Expert on risk to border towns

JEV transmission

By Elizabeth Voneiff

Professor Andrew William Taylor-Robinson, professor of microbiology & immunology, spoke to the Town & Country Journal. Credit: VINuniversity.
Professor Andrew William Taylor-Robinson, professor of microbiology & immunology, spoke to the Town & Country Journal. Credit: VINuniversity.

With anxiety rising about mosquito-borne JEV in the area, The Town & Country Journal reached out to Andrew Taylor-Robinson, Professor of Microbiology & Immunology at Vin University in Vietnam, one of the world leaders in mosquito-borne diseases, to ask some questions. The questions raised to the specialist arose during a conversation with local man Clive Robertson, who hit the internet searching for answers whilst his wife spent a month in hospital.

Dr Taylor-Robinson, who has 35 years of experience in research into immunology and microbiology, particularly on mosquito-transmitted infection diseases, was not surprised the border towns have been the source of JEV transmission recently. However, whether feral pigs or fruit bats can spread the disease, he says is “complicated” and not fully understood.

“Pigs and water birds are crucial for maintaining the chain of infection”, and pigs in particular are a “significant amplifying host” because they “can develop high levels of viremia (high virus concentrations in the blood), which allows them to infect blood-feeding mosquitos efficiently.”

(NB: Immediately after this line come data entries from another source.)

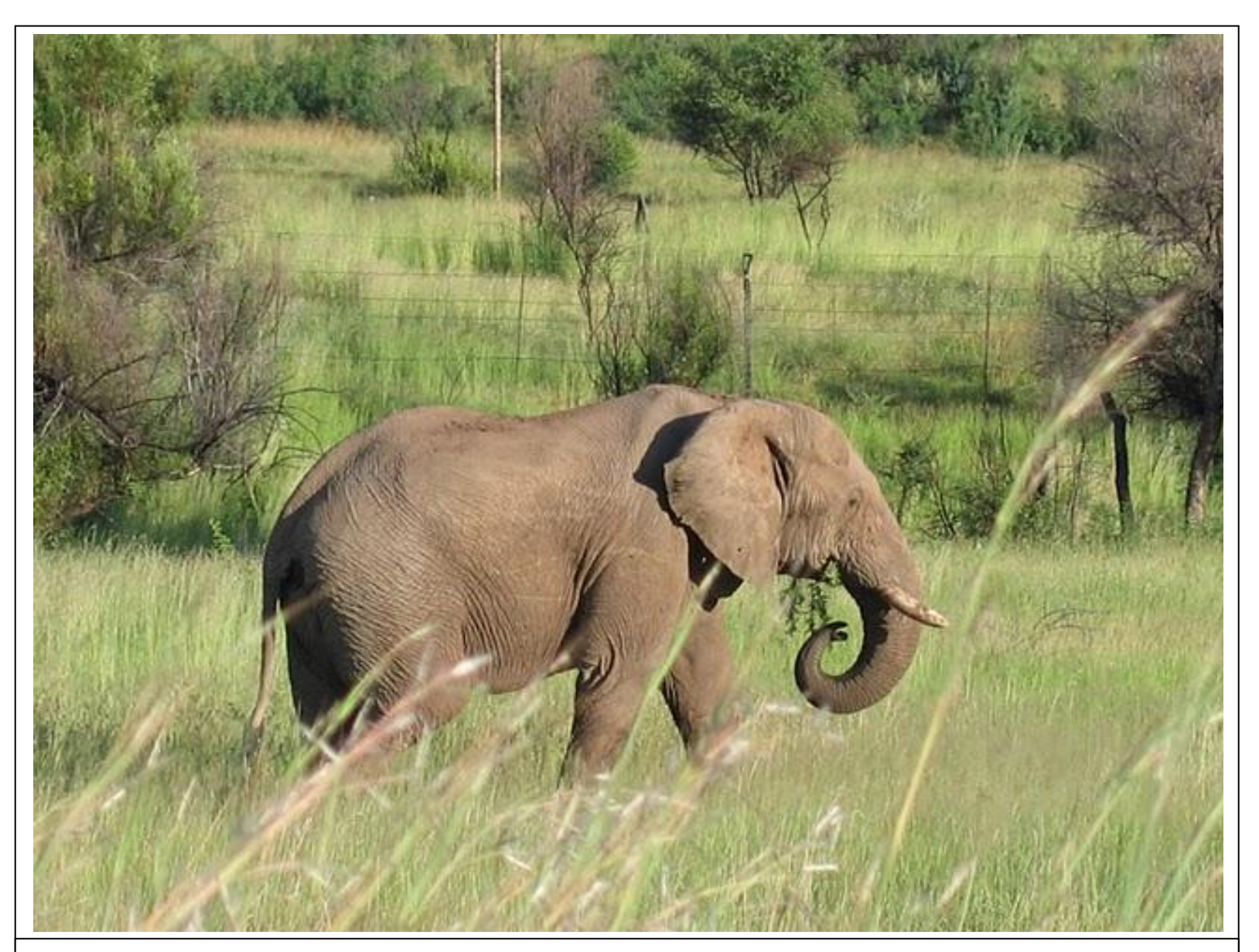
From Gary Perkins recent trip to South Africa Not all good shots are taken underwater and next page also
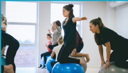
BODY & BALANCE

Padel and Tumbling are both popular choices. For these, we make use of excellent facilities, all located near the school. If you're more interested in strength and stability training, Body Factory or Body & Balance might be the perfect match for you. For those who enjoy variety, Multisport offers the chance to explore different sports from around the world.
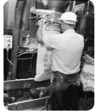
Filling Bags Of Flour At Flour Mill

changing food or fiber raw products into things we can use
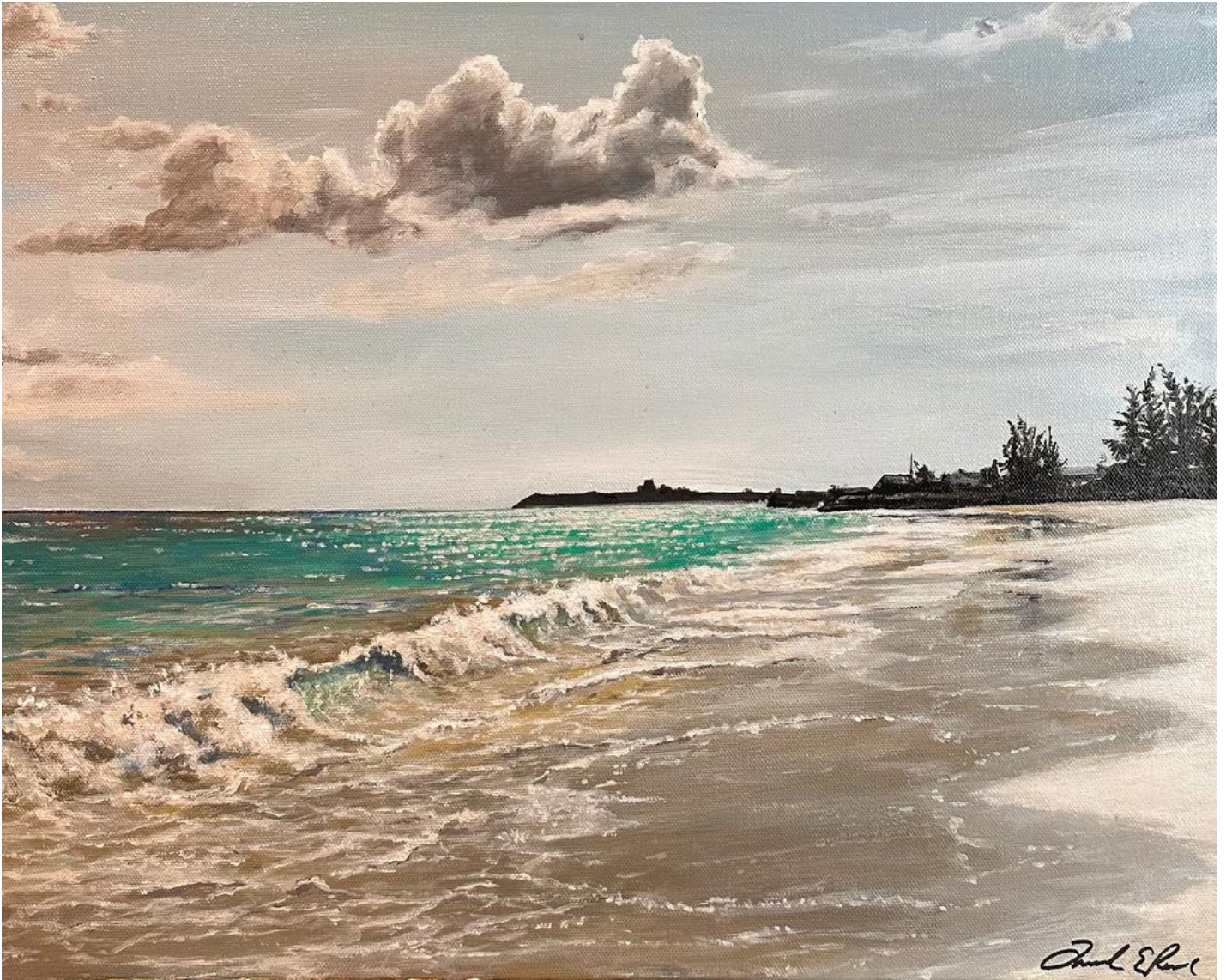
Frank Rock , Pirates' Cove , Acrylic on canvas, 20" x 16" ($300)
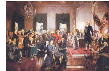
The Preamble to the United States Constitution (September 17, 1787)

▶ “Delivering America’s Promise to All Americans — NOW!” Intro session, Skype-Right-In Ys-Rap Q&A; 60 minutes (may run over); $24/person; to 48 participants; includes Playbook. (see our PayPal “Pay Master” Page)
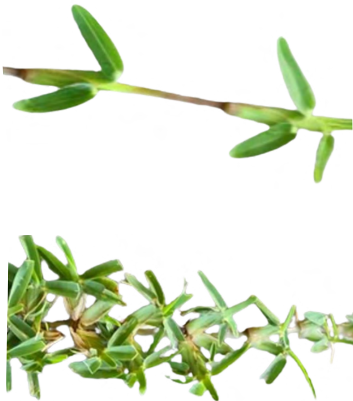
Treated (top) vs Untreated (bottom) Buffalo Grass

For many the concept of regulating the way your grass grows may be a new concept, so we are going to start with the basics.
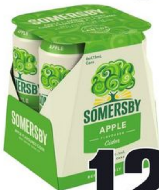
SOMERSBY APPLE CIDER 4X473 ML CANS 21313146_C04
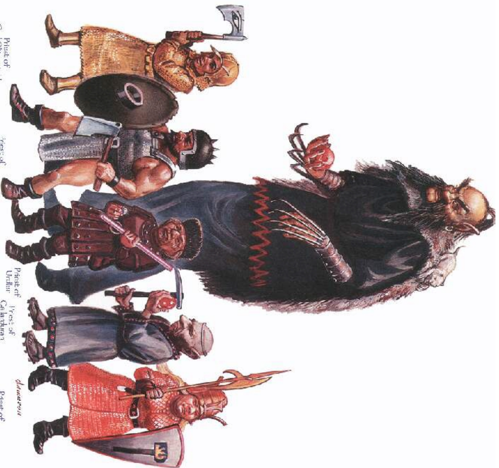
Priest of Carl Giltengod
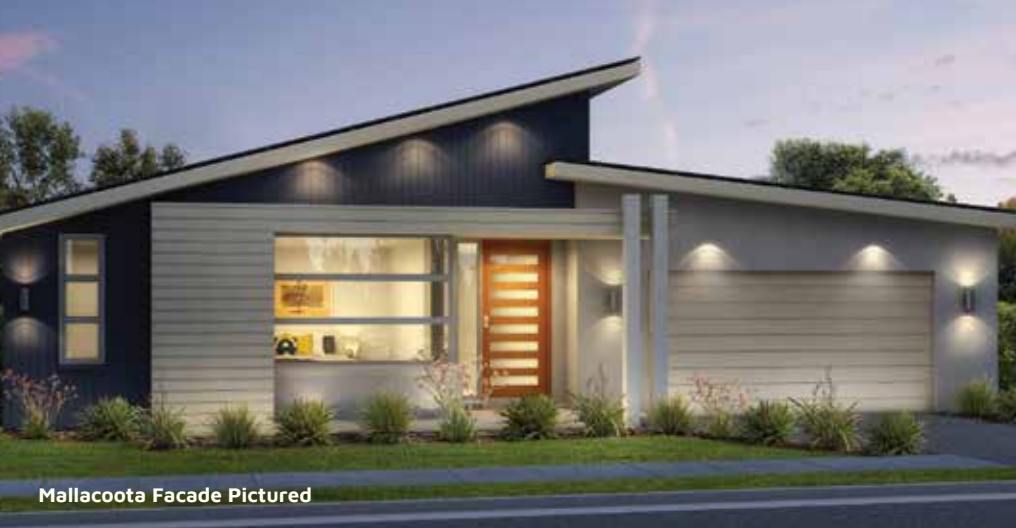
Mallacoota Facade Pictured
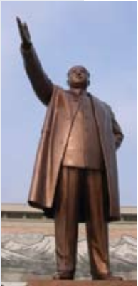
Kim Il Sung statue

The North Korean government forcefully propagates an ideology known as “ Juche ” or “ KimIlSungism ” centered on the personality cult surrounding Kim Il Sung and Kim Jong Il. Pictures of the “Great Leader” (Kim Il Sung) and the “Dear Leader” (Kim Jong Il) hang on the walls of every house, schoolroom, and workplace. The only exception is the churches of Pyongyang, where crosses hang in their place. Under threat of fines and other penalties, North Koreans are required properly to maintain and display the portraits of their leaders. Every North Korean wears a lapel pin of the Great Leader. Schools are required to study and memorize the “Ten Principles for the Establishment of the One-Ideology System of the Party.” North Korean refugees report that each village contains a “Kim Il Sung Research Center” where they are required to attend weekly meetings. One scholar estimated that there may be as many as 450,000 such centers, including one in the infamous Yodok prison camp. Meetings include watching inspirational films on the Dear Leader’s life, indoctrination sessions on the principles of Juche , and public self-criticism sessions.
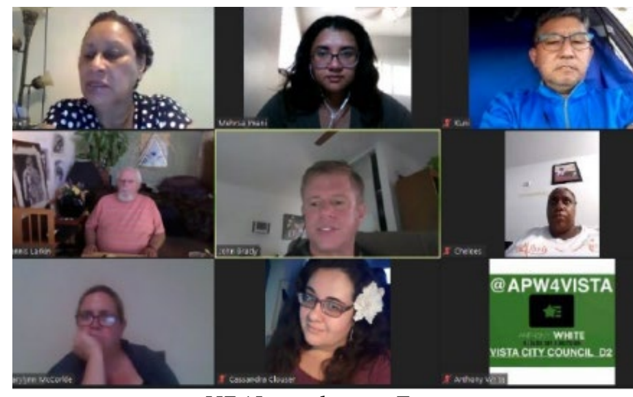
HEAL members on Zoom

HEAL is looking to expand its network in the coming months, and begin engaging new individuals with lived experience of homelessness into the program. Hopefully in the new year a new leadership and advocacy training can be offered to new HEAL members.

Water birds transmitted in the wild is “inconclusive, but it has been shown experimentally in at least one study”.

The clustering of the disease is different in Vietnam where pigs co-exist with favourable mosquito habitats like rice paddies and wetlands.

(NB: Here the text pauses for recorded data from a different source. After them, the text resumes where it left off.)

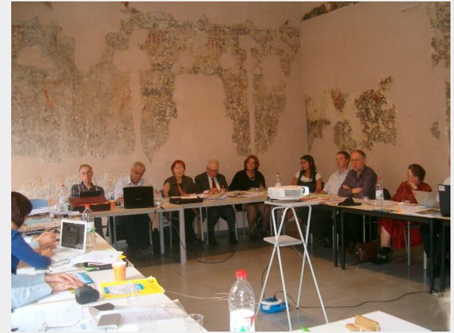
General Assembly Barcelona with Board Elections

UNRSC ( UN Road Safety Collaboration) Meetings in New York & Geneva
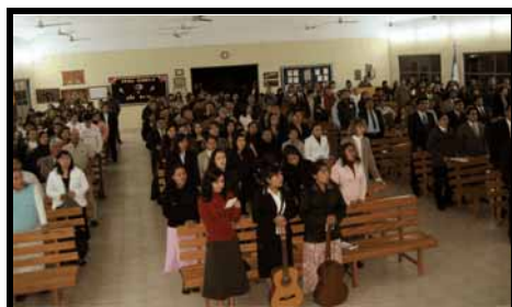
2 nd Semester Opening Night
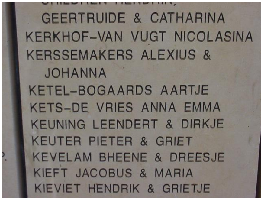
Figure 22. Aartje Ketel-Bogaard's inscription on the Wall of Honor at Yad Vashem.
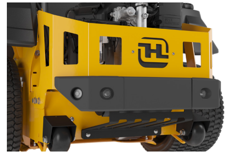
7 ga. Engine Guard
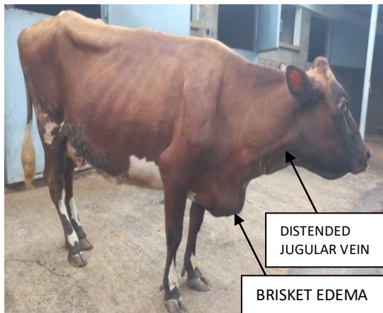
Fig. 1: The animal standing looking anxious, with a distended jugular vein, and brisket edema.

General examination revealed fairly good body condition of about 3.5 in a scale of 5, dull and depression, flared nostrils, predominant abdominal breathing, brisket and submandibular edema, careful gait carrying, pronounced abduction of elbow, extended head and neck, distended jugular vein and, grunting and teeth grinding (Fig. 1 and Fig. 2). Physical examination revealed respiratory rate of 24 breathes per minute, pulse rate of 92 beats per minute, temperature of 40.7°C, grunting of tracheal auscultation, coughing, Ventral Oedema, splashing heart sound, suppress thoracic respiration and harsh lung sounds.
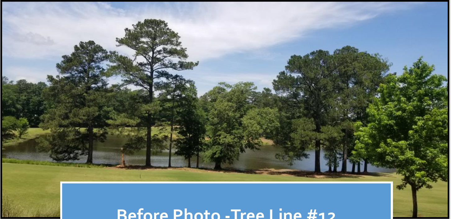
Before Photo -Tree Line #12

Tree Limbing & Pruning on the Golf Course Looks Awesome!!!
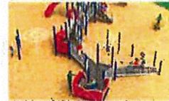
HANDICAP ACCESSIBLE PLAY EQUIPMENT
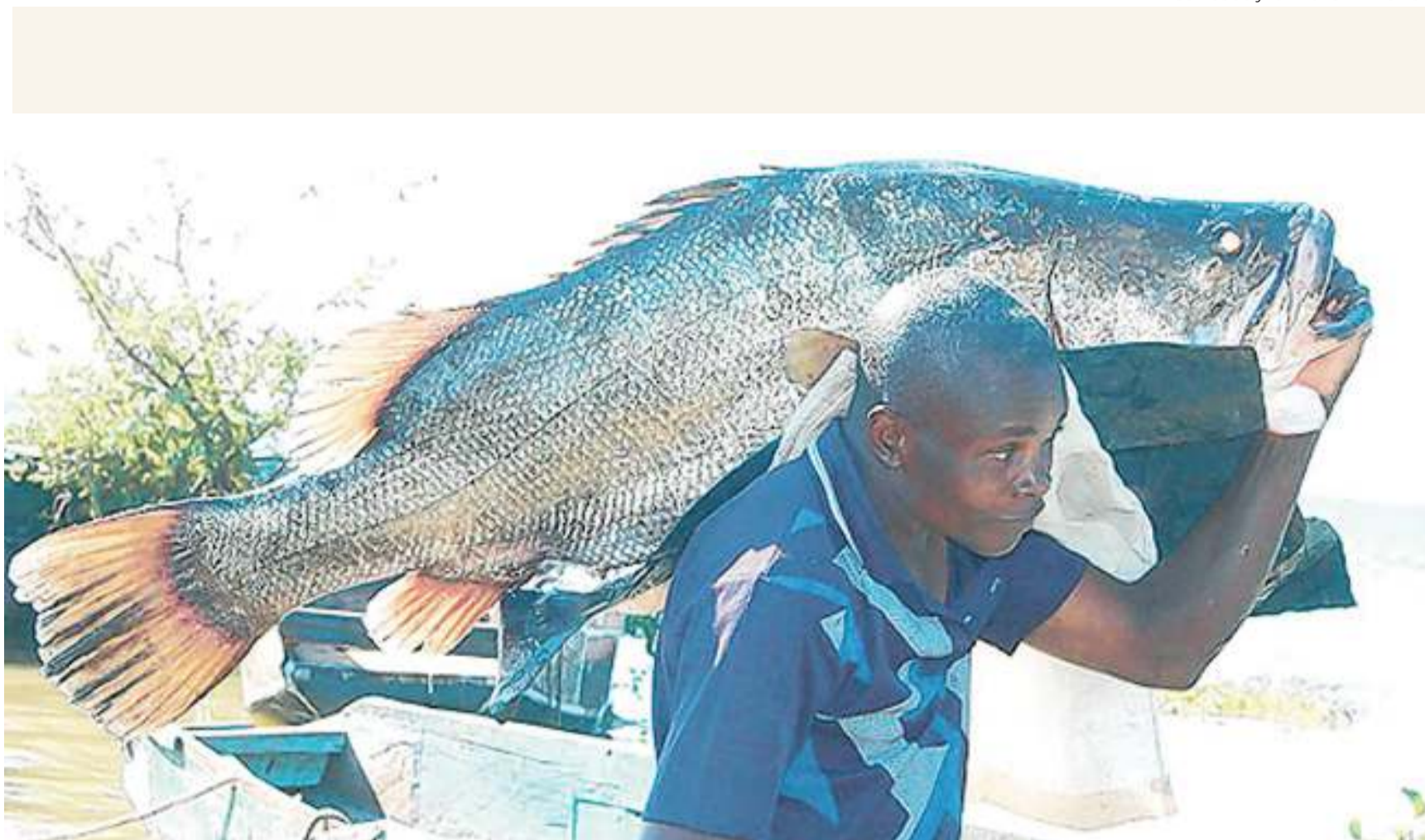
Artisanal fishermen carrying a giant Nile perch on the Mwanza city shores of Lake Victoria. File photo.

The LVFO report further noted that Uganda's Nile Perch production dropped from 513,133 tonnes in 2014 to 393,353 tonnes while Kenya production reduced from 1,230,247 tonnes to 851,461 tonnes. The survey did not involve Sato which was also badly affected.

“However, in Australia, the specific combinations…are not well understood” and “may not provide the same transmission pathways that exist in other regions where JEV is endemic.”

The mortality rate, too, can vary, based on geography and demographics.   The range of fatalities can be as low as “0.3 percent to as high as 60 percent in different settings” with mortality rates of about 9 percent are common in younger age groups. Generally, the mortality rate of JEV is “concerningly high”, Professor Taylor Robinson told the paper.

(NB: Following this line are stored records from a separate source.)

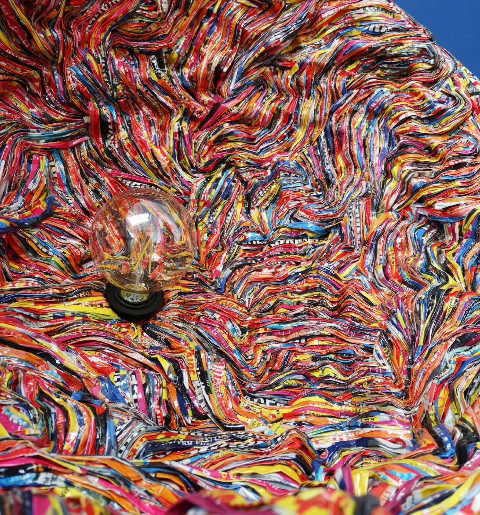
Collection lamp GALILEO 100% magazine paper
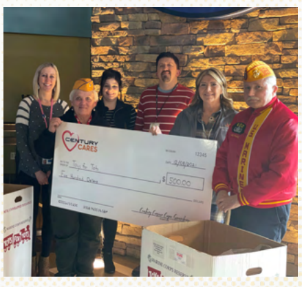
In December 2021, our Century Casino Cape Girardeau team collected toys and raised $500 for Toys for Tots through our Century Cares program.
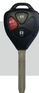
SSC Part #: 5938196 Button Function: L, U, P
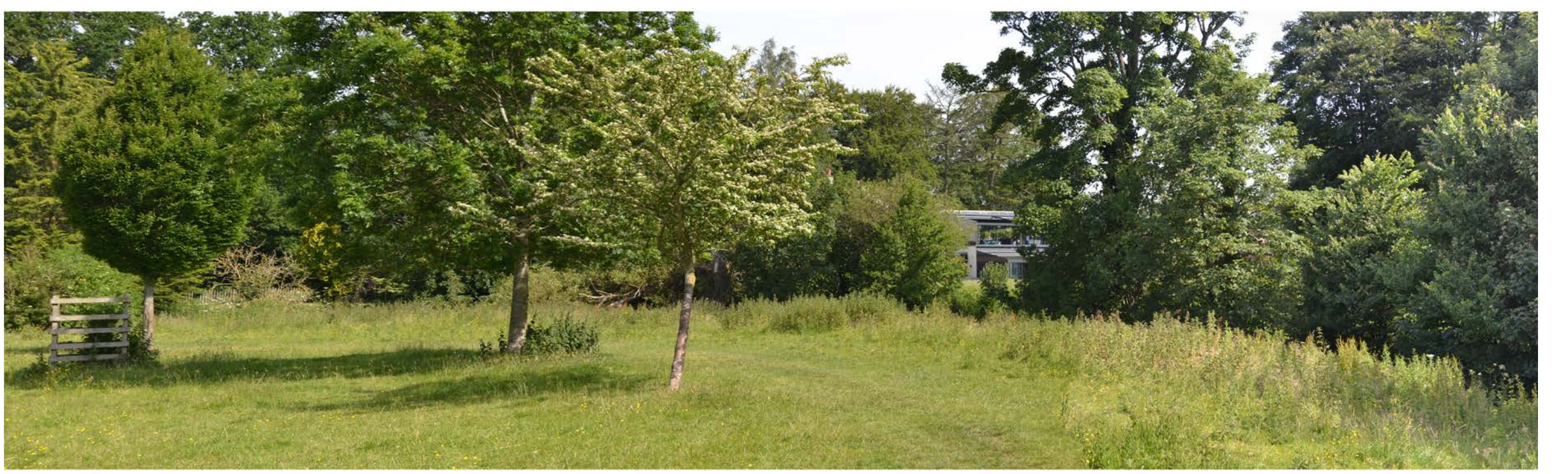
View 1 - Before View east from Rickerby Park toward Rickerby Retreat and Spa

Avoidance of mosquitoes and eliminating environmental factors that welcome mosquitoes is the best way for people to avoid the disease other than vaccination.

“Outbreaks of JEV, particularly in novel locations such as southeast Queensland and Northern NSW, necessitate immediate public health responses, including consideration of mass vaccination among community members in the local vicinity of an outbreak.”

Two vaccines are available and both “significantly” reduce the incidence of disease. One vaccine has a live virus and the other an inactivated one. The inactivated vaccine “induces strong immunogenic responses” whereas the live vaccine “has also been shown to provide immunity over an extended period, which is critical in region where the disease is endemic (not yet in Australia).  Boost doses may be recommended for continued protection”. Both vaccines have “favourable safety profiles.”